Using XML Catalogs

XML Catalogs (defined by OASIS) provide a way to avoid hard-coding the locations of XML documents and other resources in your application. Instead, the application refers to the resource using a conventional system identifier (URI) or public identifier, and a local catalog is used to map the system and public identifiers to an actual location.
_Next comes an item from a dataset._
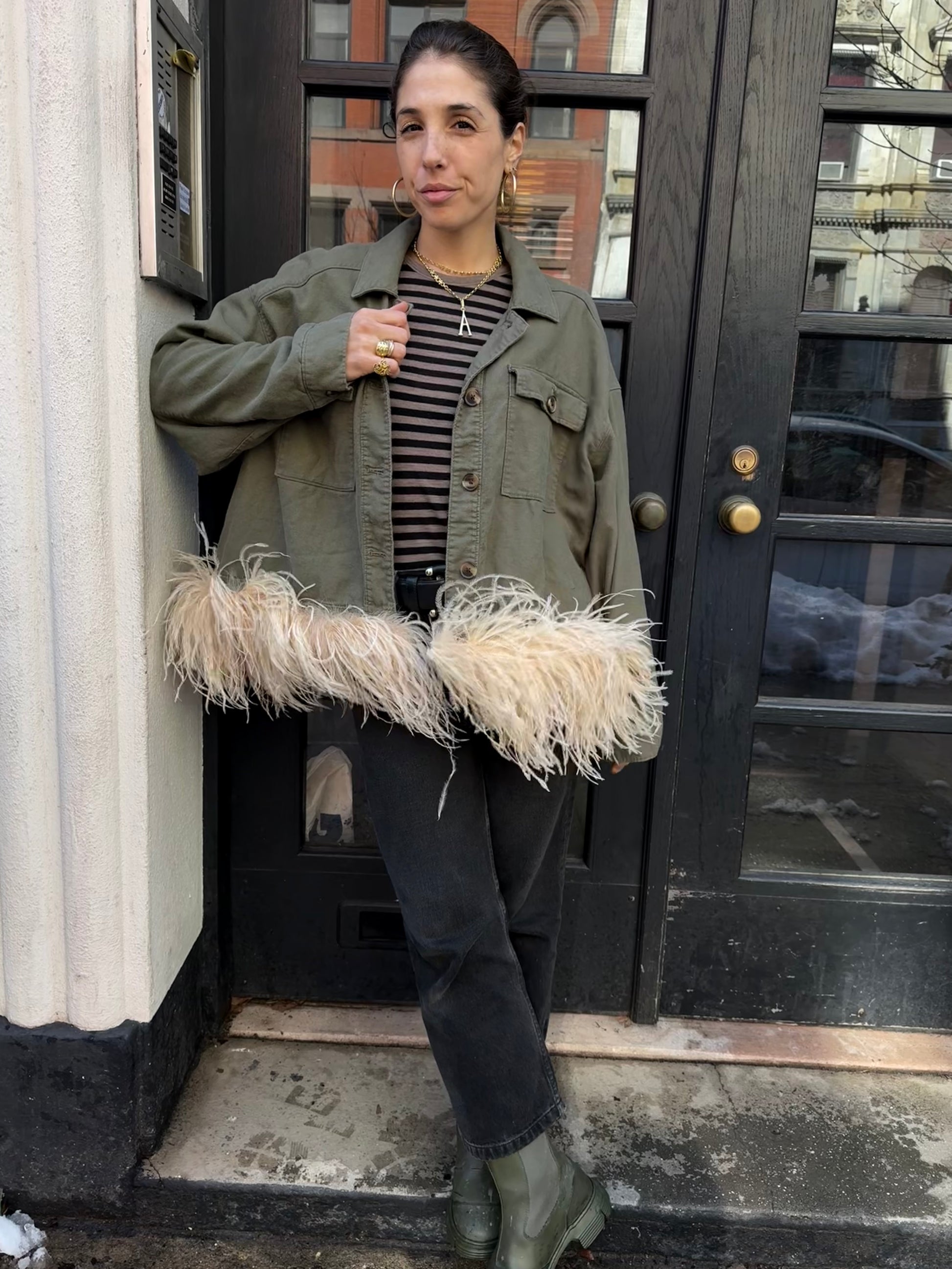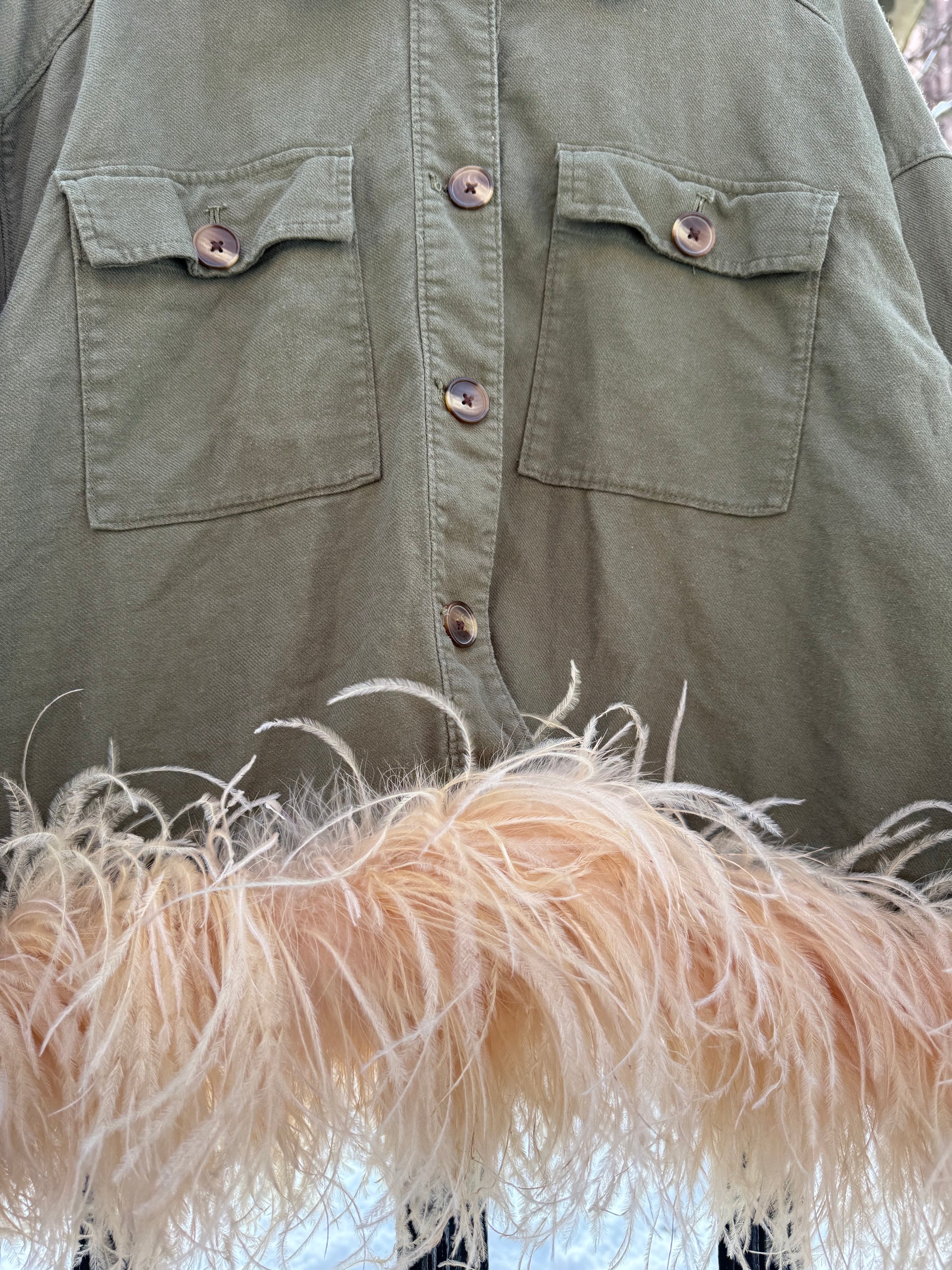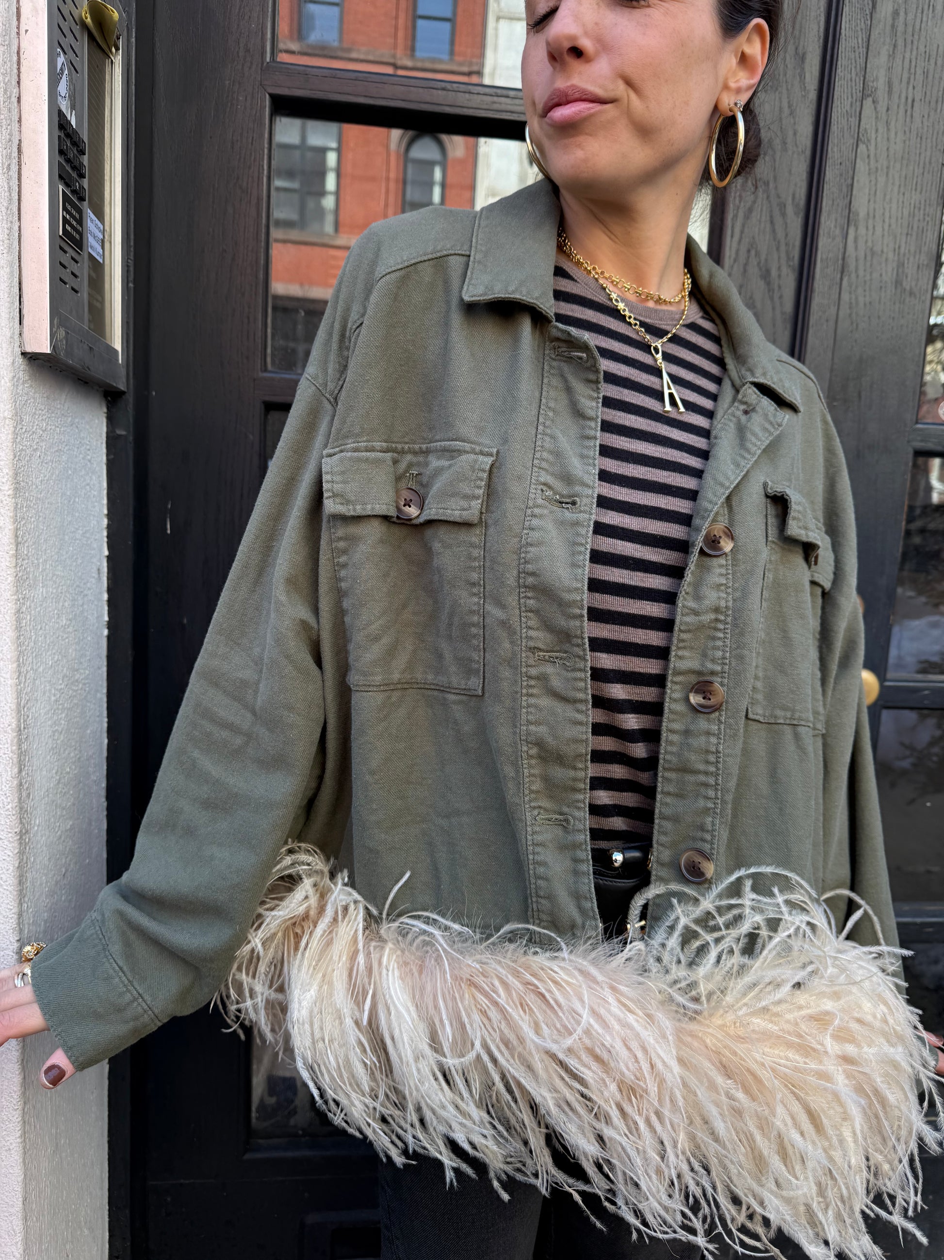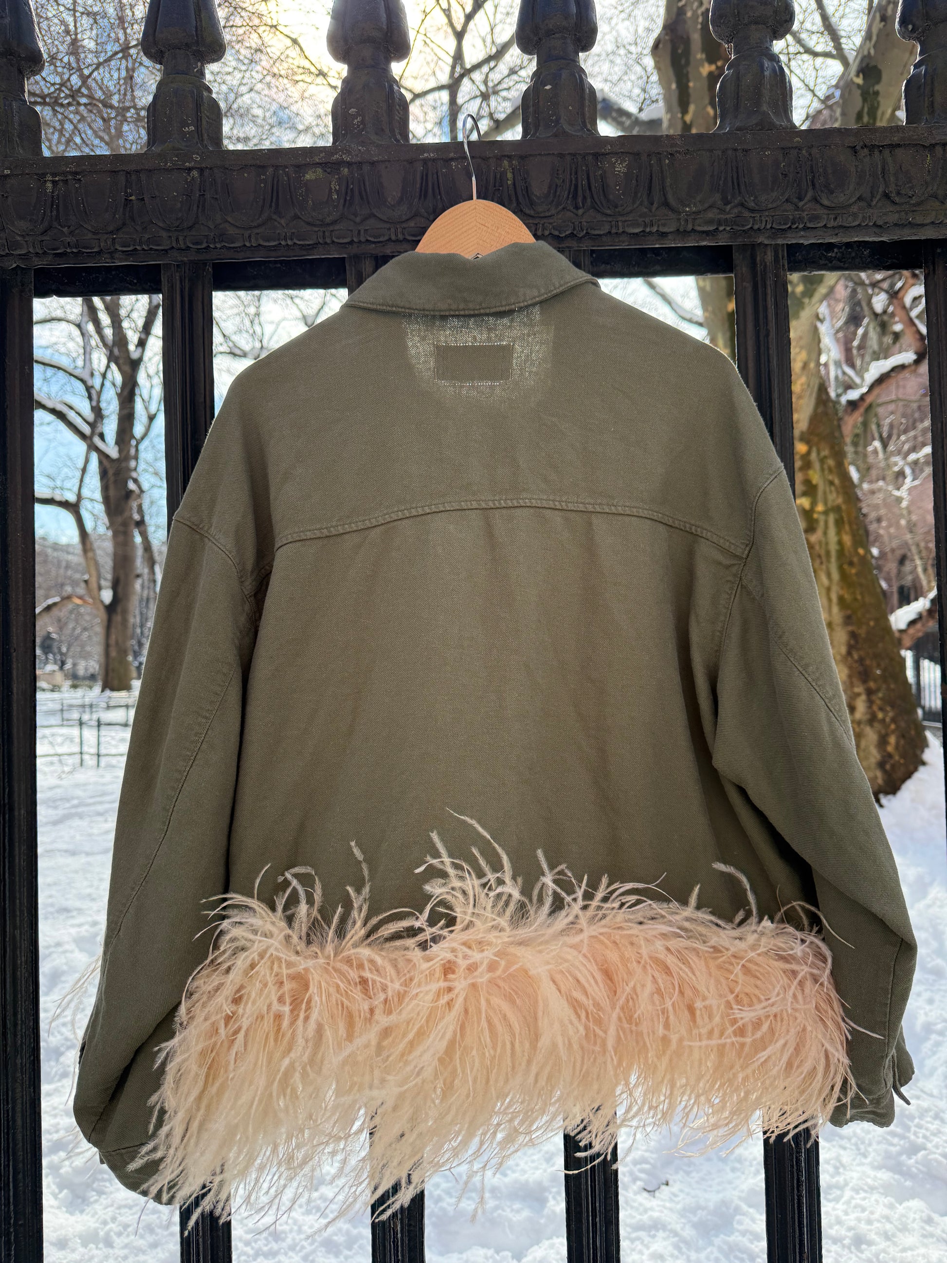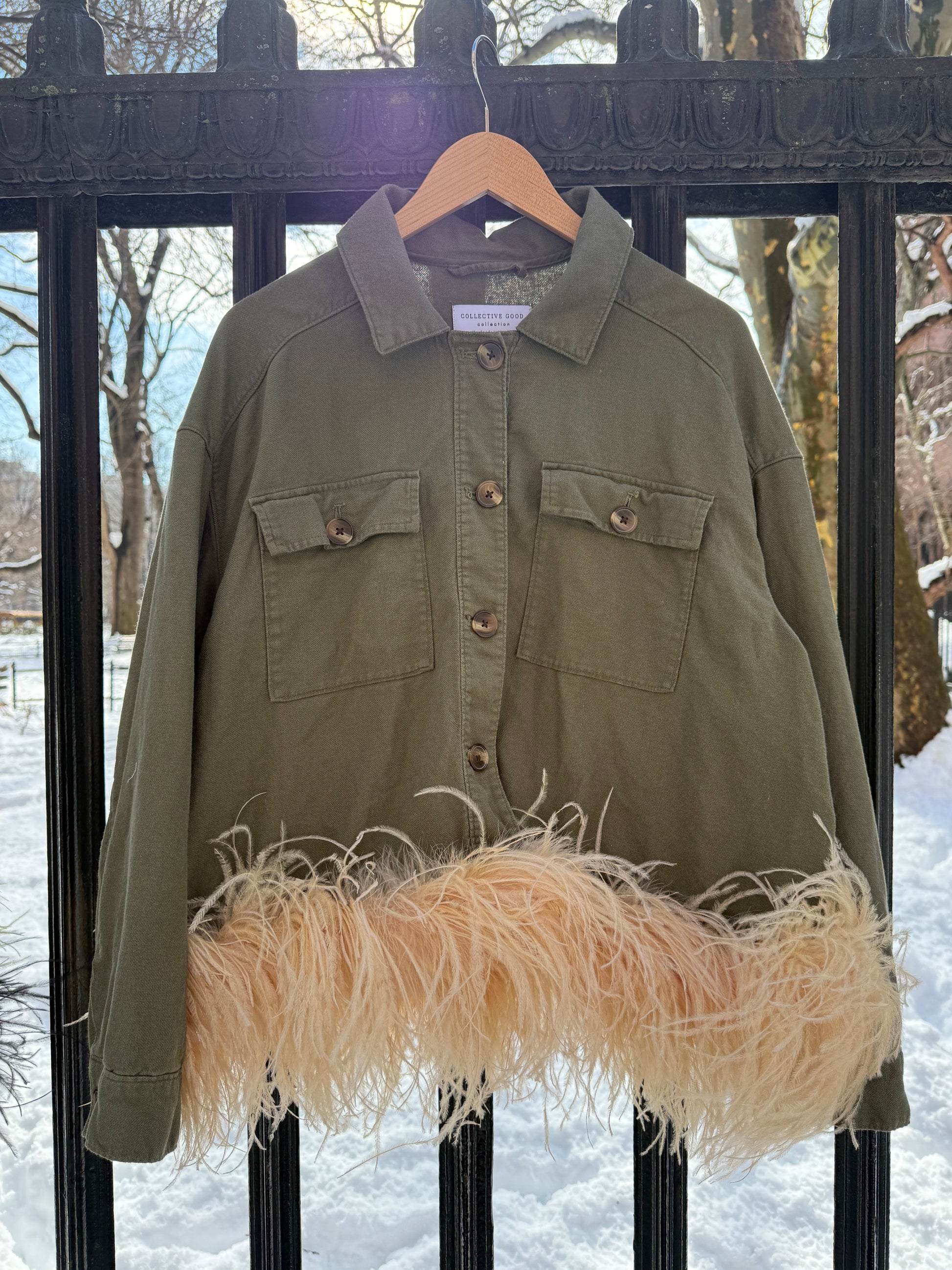 The Jac is our take on feminine-utility style. We start by up-cycling a utilitarian style jacket & add our signature detachable ostrich feathers to the bottom hem. All pieces are sewn by hand in our NYC atelier using only the highest quality, and ethically sourced feathers.

When using Saxon from the command line, it is possible to specify a catalog to be used using the option -catalog:files . Here files is the catalog file to be searched, or a list of filenames separated by semicolons. This catalog will be used to locate DTDs and external entities required by the XML parser, XSLT stylesheet modules requested using xsl:import and xsl:include, documents requested using the document() and doc() functions, and also schema documents, however they are referenced.

The catalog is NOT currently used for non-XML resources, including JSON documents, query modules, unparsed text files, collations, and collections.

With Saxon on the Java platform, if the -catalog option is used on the command line, then the open-source Apache library resolver.jar must be present on the classpath. With Saxon on .NET, this module (cross-compiled to IL) is included within the Saxon DLL.

Setting the -catalog option is equivalent to setting the following options:

-r

org.apache.xml.resolver.tools.CatalogResolver

-x

org.apache.xml.resolver.tools.ResolvingXMLReader

-y

org.apache.xml.resolver.tools.ResolvingXMLReader

In addition, the system property xml.catalog.files is set to the value of the supplied files value. And if the -t option is also set, Saxon sets the verbosity level of the catalog manager to 2, causing it to report messages for each resolved URI. Saxon customizes the Apache resolver library to integrate these messages with the other output from the -t option: that is, by default it is sent to the standard error output.

This mechanism means that it is not possible to use any of the options -r, -x, or -y when the -catalog option is used.

When the -catalog option is used on the command line, this overrides the internal resolver used in Saxon (from 9.4) to redirect well-known W3C references (such as the XHTML DTD) to Saxon's local copies of these resources. Because both these features rely on setting the XML parser's EntityResolver, it is not possible to use them in conjunction.

This support for OASIS catalogs is implemented only in the Saxon command line. To use catalogs from a Saxon application, it is necessary to configure the various options individually. For example:

Here is an example of a very simple catalog file. The publicId and systemId attributes give the public or system identifier as used in the source document; the uri attribute gives the location (in this case a relative location) where the actual resource will be found.

<?xml version="1.0"?> <catalog xmlns="urn:oasis:names:tc:entity:xmlns:xml:catalog"> <group prefer="public" xml:base="file:///usr/share/xml/" > <public publicId="-//OASIS//DTD DocBook XML V4.5//EN" uri="docbook45/docbookx.dtd"/> <system systemId="http://www.oasis-open.org/docbook/xml/4.5/docbookx.dtd" uri="docbook45/docbookx.dtd"/> </group> </catalog>

There are many tutorials for XML catalogs available on the web, including some that have information specific to Saxon, though this may well relate to earlier releases.